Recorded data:
▼▼▼

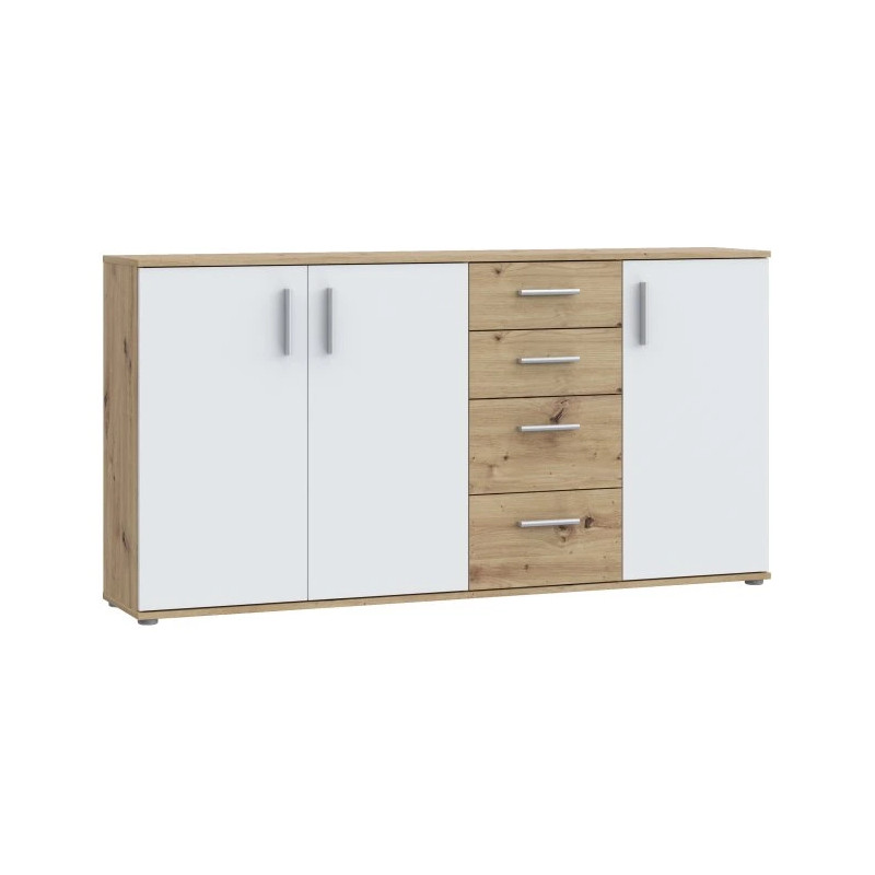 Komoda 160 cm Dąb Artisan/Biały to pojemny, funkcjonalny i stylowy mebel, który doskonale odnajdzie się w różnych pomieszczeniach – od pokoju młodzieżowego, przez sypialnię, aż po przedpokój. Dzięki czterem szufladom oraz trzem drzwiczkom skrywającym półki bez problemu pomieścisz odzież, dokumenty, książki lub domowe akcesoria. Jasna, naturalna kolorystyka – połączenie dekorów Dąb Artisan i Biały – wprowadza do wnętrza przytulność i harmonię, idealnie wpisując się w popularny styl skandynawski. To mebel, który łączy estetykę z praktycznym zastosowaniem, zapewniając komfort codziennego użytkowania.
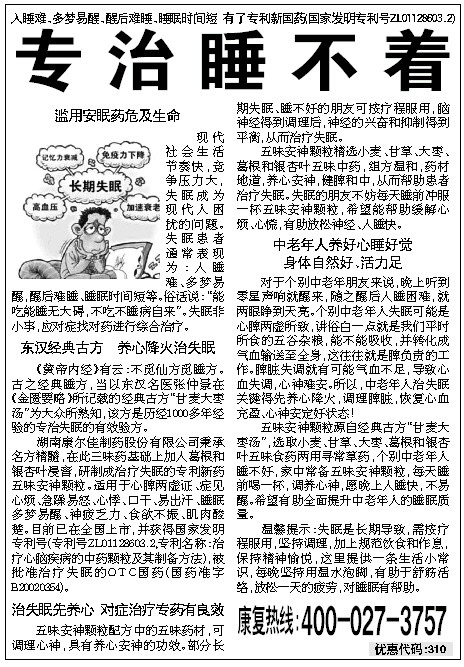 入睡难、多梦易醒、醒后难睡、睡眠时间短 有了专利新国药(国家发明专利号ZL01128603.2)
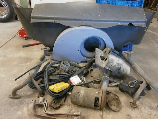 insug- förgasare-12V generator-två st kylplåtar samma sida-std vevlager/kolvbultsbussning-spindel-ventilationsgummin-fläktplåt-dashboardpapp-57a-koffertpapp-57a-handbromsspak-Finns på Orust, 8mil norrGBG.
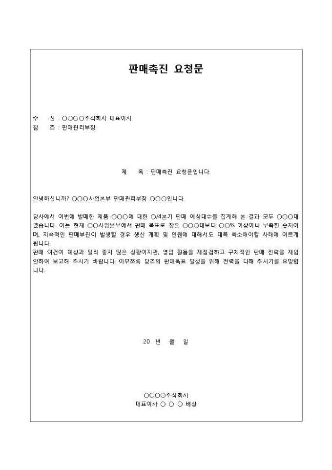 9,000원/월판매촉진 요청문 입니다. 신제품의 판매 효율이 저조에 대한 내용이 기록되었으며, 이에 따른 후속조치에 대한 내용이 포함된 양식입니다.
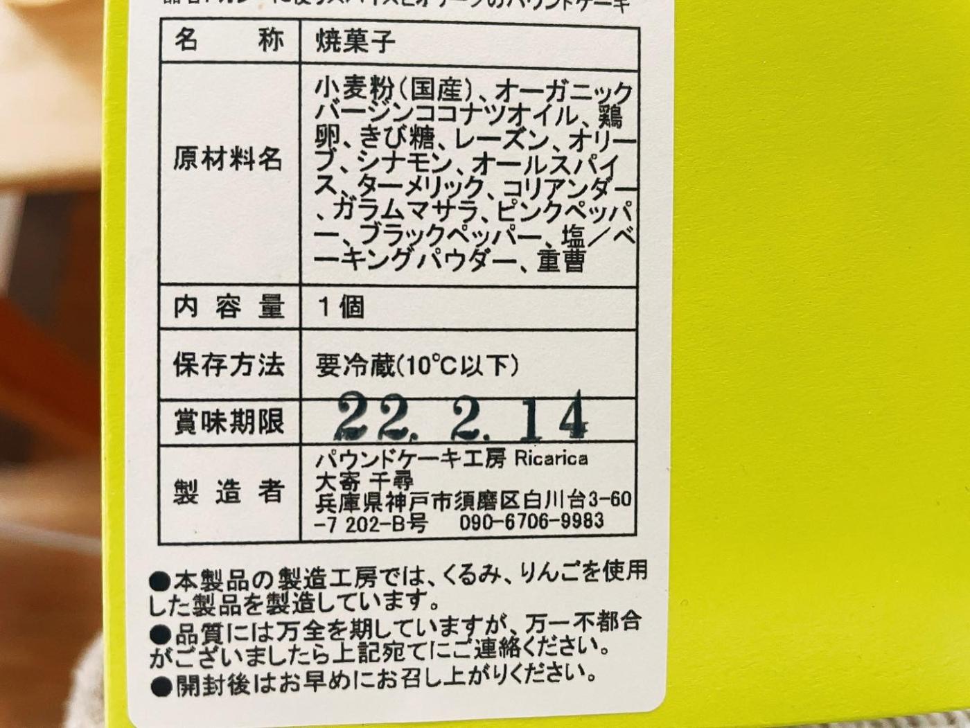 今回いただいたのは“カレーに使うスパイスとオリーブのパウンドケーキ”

▲▲▲

**YOUR GOAL:**
Every line above has to be output exactly; the pictures must be dropped.

**REPLY TO THE EXERCISE:**
 Komoda 160 cm Dąb Artisan/Biały to pojemny, funkcjonalny i stylowy mebel, który doskonale odnajdzie się w różnych pomieszczeniach – od pokoju młodzieżowego, przez sypialnię, aż po przedpokój. Dzięki czterem szufladom oraz trzem drzwiczkom skrywającym półki bez problemu pomieścisz odzież, dokumenty, książki lub domowe akcesoria. Jasna, naturalna kolorystyka – połączenie dekorów Dąb Artisan i Biały – wprowadza do wnętrza przytulność i harmonię, idealnie wpisując się w popularny styl skandynawski. To mebel, który łączy estetykę z praktycznym zastosowaniem, zapewniając komfort codziennego użytkowania.
 入睡难、多梦易醒、醒后难睡、睡眠时间短 有了专利新国药(国家发明专利号ZL01128603.2)
 insug- förgasare-12V generator-två st kylplåtar samma sida-std vevlager/kolvbultsbussning-spindel-ventilationsgummin-fläktplåt-dashboardpapp-57a-koffertpapp-57a-handbromsspak-Finns på Orust, 8mil norrGBG.
 9,000원/월판매촉진 요청문 입니다. 신제품의 판매 효율이 저조에 대한 내용이 기록되었으며, 이에 따른 후속조치에 대한 내용이 포함된 양식입니다.
 今回いただいたのは“カレーに使うスパイスとオリーブのパウンドケーキ”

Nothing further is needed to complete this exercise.